Member of the Legislative Assembly of Western Australia
- In office 30 March 1974 – 19 February 1977
- Preceded by: James Moiler
- Succeeded by: None (abolished)
- Constituency: Toodyay
- In office 19 February 1977 – 19 February 1983
- Preceded by: None (new creation)
- Succeeded by: Pam Beggs
- Constituency: Whitford

Personal details
- Born: 18 June 1931 Osborne Park, Western Australia, Australia
- Died: 20 December 2005 (aged 74) Wanneroo, Western Australia, Australia
- Party: Liberal

= Mick Nanovich =

Australian politician

Michael Nanovich (18 June 1931 – 20 December 2005) was an Australian politician who was a Liberal Party member of the Legislative Assembly of Western Australia from 1974 to 1983, representing the seats of Toodyay and Whitford.

Nanovich was born in Perth, the son of Maria (née Stupin) and Kosta Nanovich. His mother was a Croatian (from Dalmatia).
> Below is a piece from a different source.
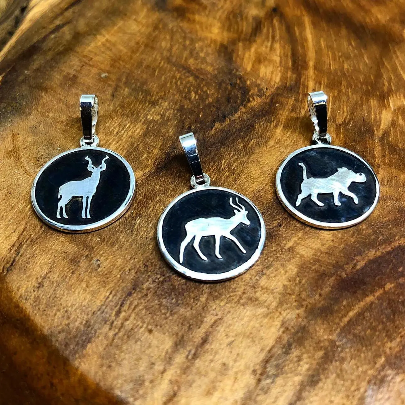 Silberkette mit .925 Sterlingsilber Kettenanhänger mit tief gravierter Wildtiersilhouette 14mm Durchmesser.
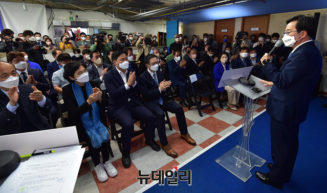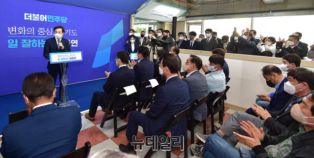 김동연 더불어민주당 경기도지사 예비후보가 20일 오후 경기 수원시 팔달구에서 열린 선거사무소 개소식에서 인사말을 하고 있다. (경기 수원=정상윤 기자)

During his youth, Nanovich was a talented Australian rules footballer. He played mostly in the Western Australian Amateur Football Association (WAAFA), though during the 1952 WANFL season he played ten league matches for Subiaco, kicking four goals. Nanovich left school at the age of 15, to work as a vegetable grower like his father. He eventually came to own land in the Wanneroo area, and in 1963 was elected to the Shire of Wanneroo council. From 1968 to 1974, Nanovich was shire president.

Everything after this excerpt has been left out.